**Exercise brief**
When the line containing "Non 'Ratsel' Syrah 2016" is found in the data below, give it again along with every later line, exactly; drop the pictures.

**Collected material**
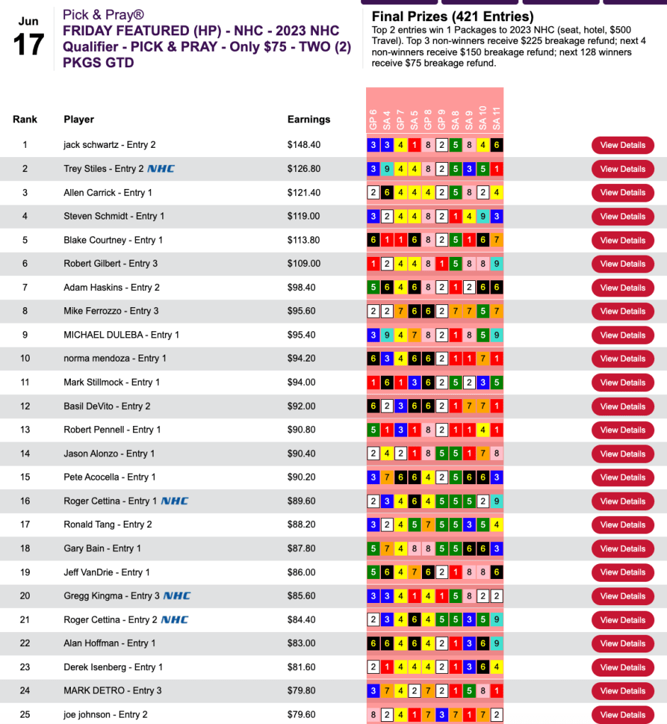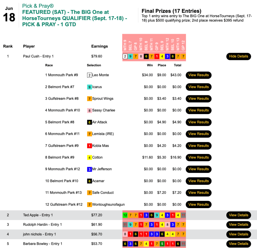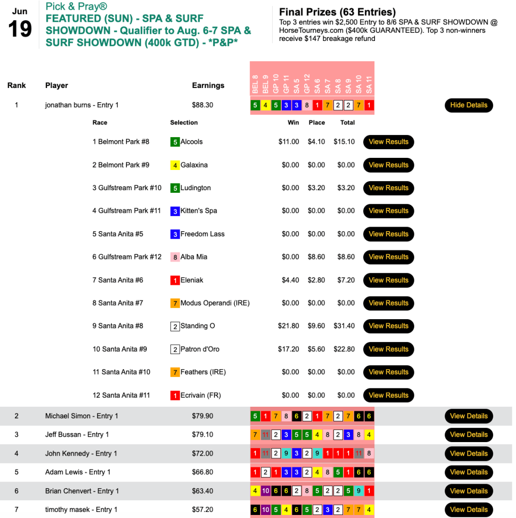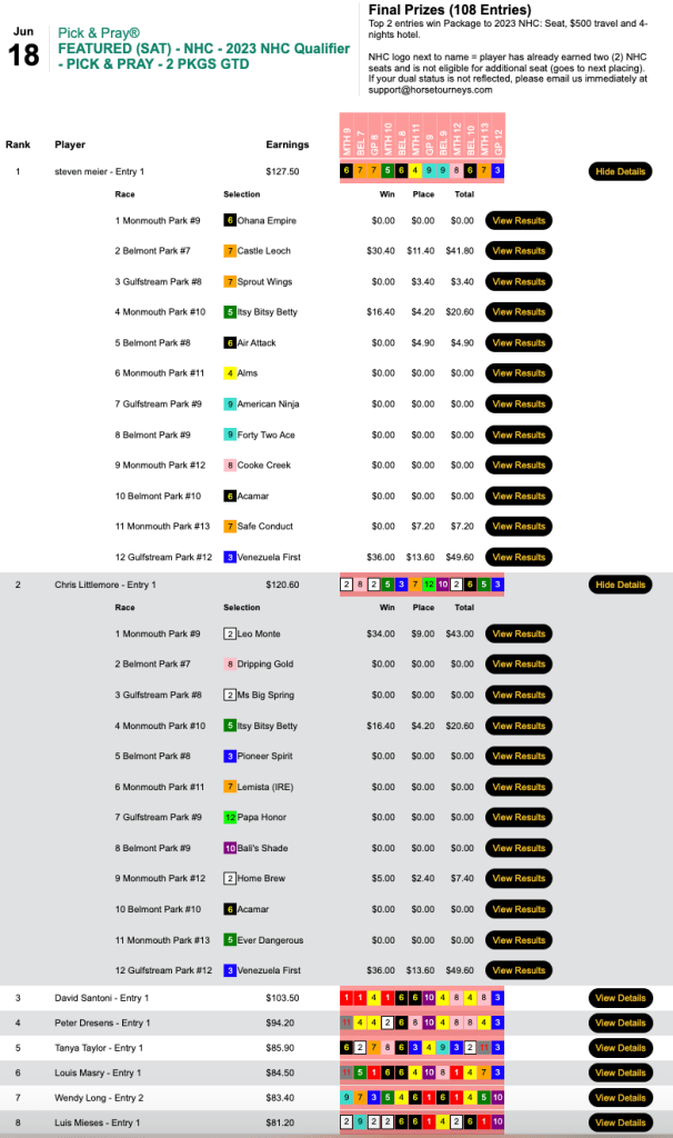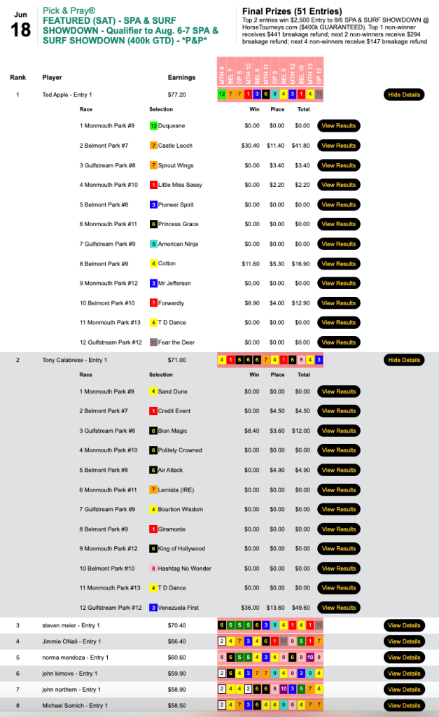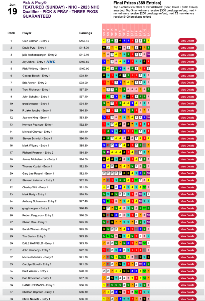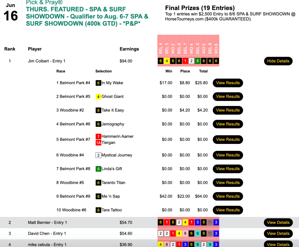 …and that was a big part of Kieras winning $12,600 in Sunday’s HT Tour game, our $20,000 Guaranteed Father’s Day Pick & Pray, which shut down with an even $28,000 in the kitty. Kieras made collections in each of the first 6 races.
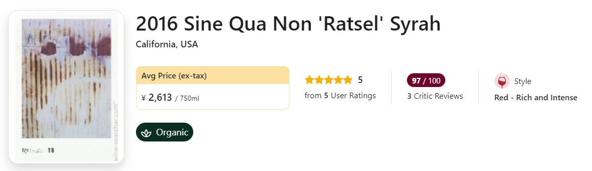 【低均好价!拍卖会常客SQN,满分珍酿“谜题”西拉!】Sine Qua Non 'Ratsel' Syrah 2016
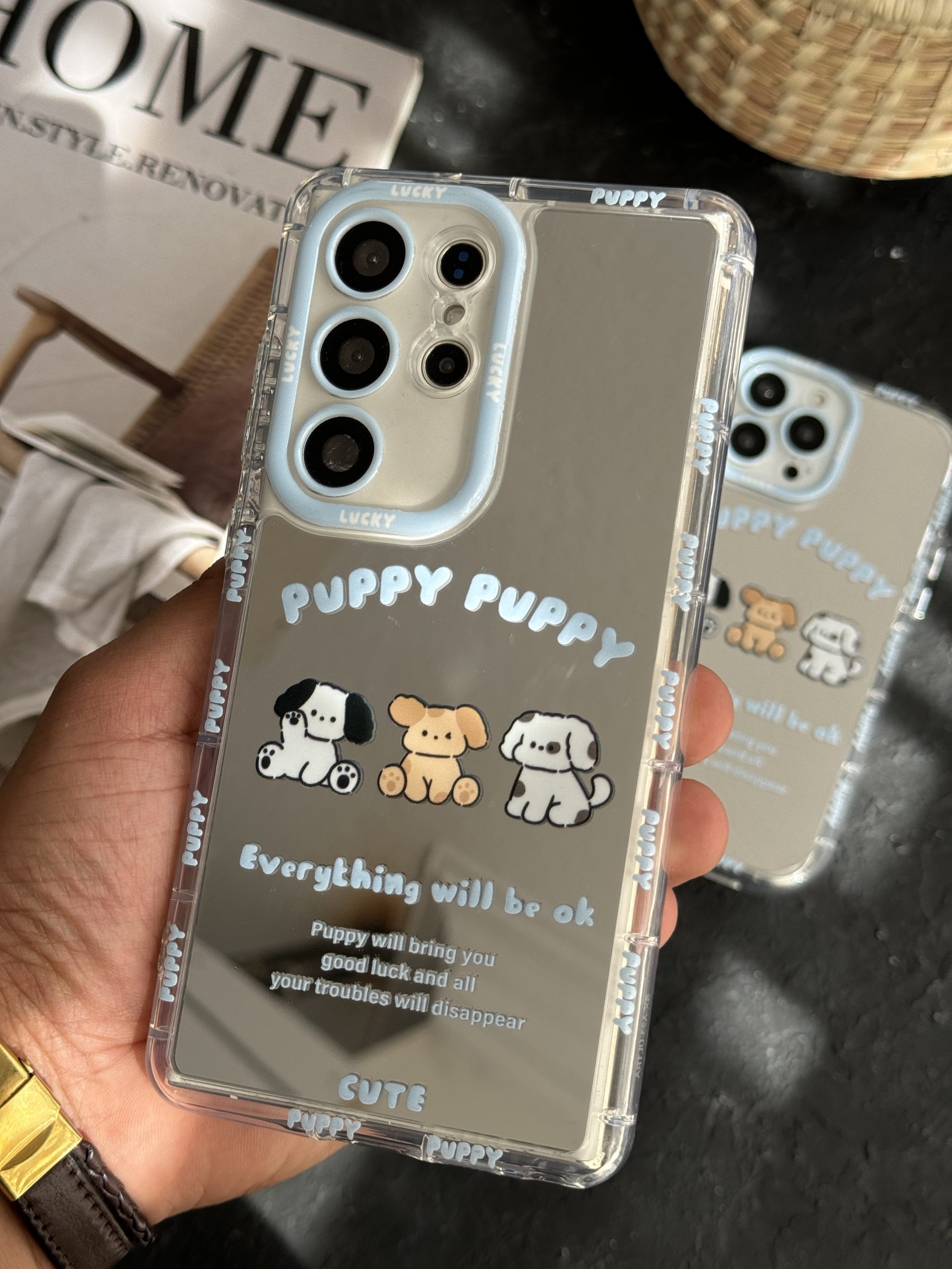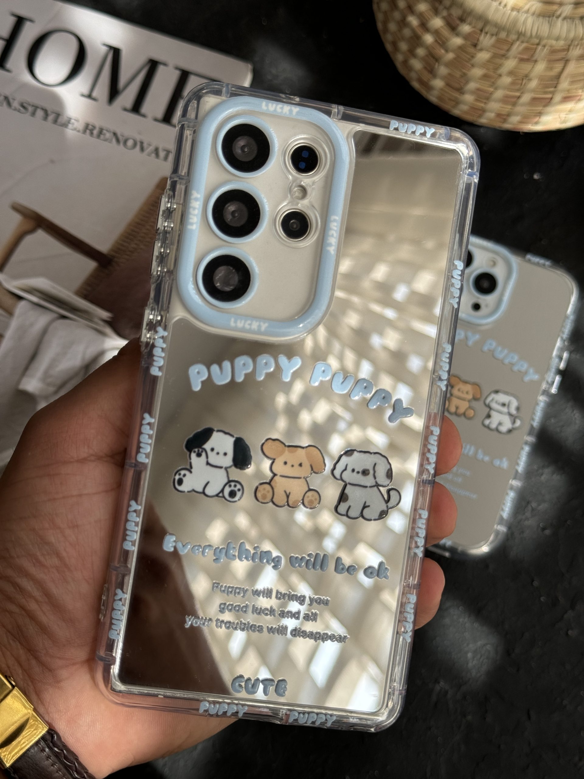 قاب موبایل آیفون سه سگ پاپی پاپی آیینه ای آبی
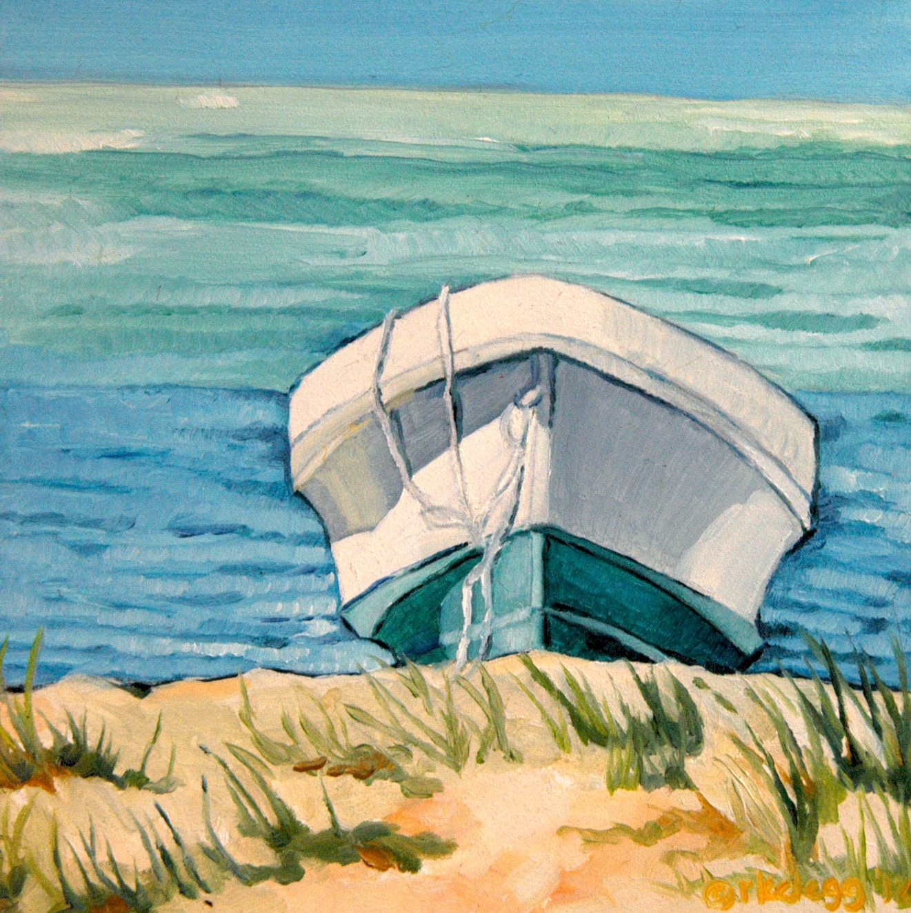 Dune Grass with Surf (2014), oil on board, 6x6 in

**Solution**
 【低均好价!拍卖会常客SQN,满分珍酿“谜题”西拉!】Sine Qua Non 'Ratsel' Syrah 2016
 قاب موبایل آیفون سه سگ پاپی پاپی آیینه ای آبی
 Dune Grass with Surf (2014), oil on board, 6x6 in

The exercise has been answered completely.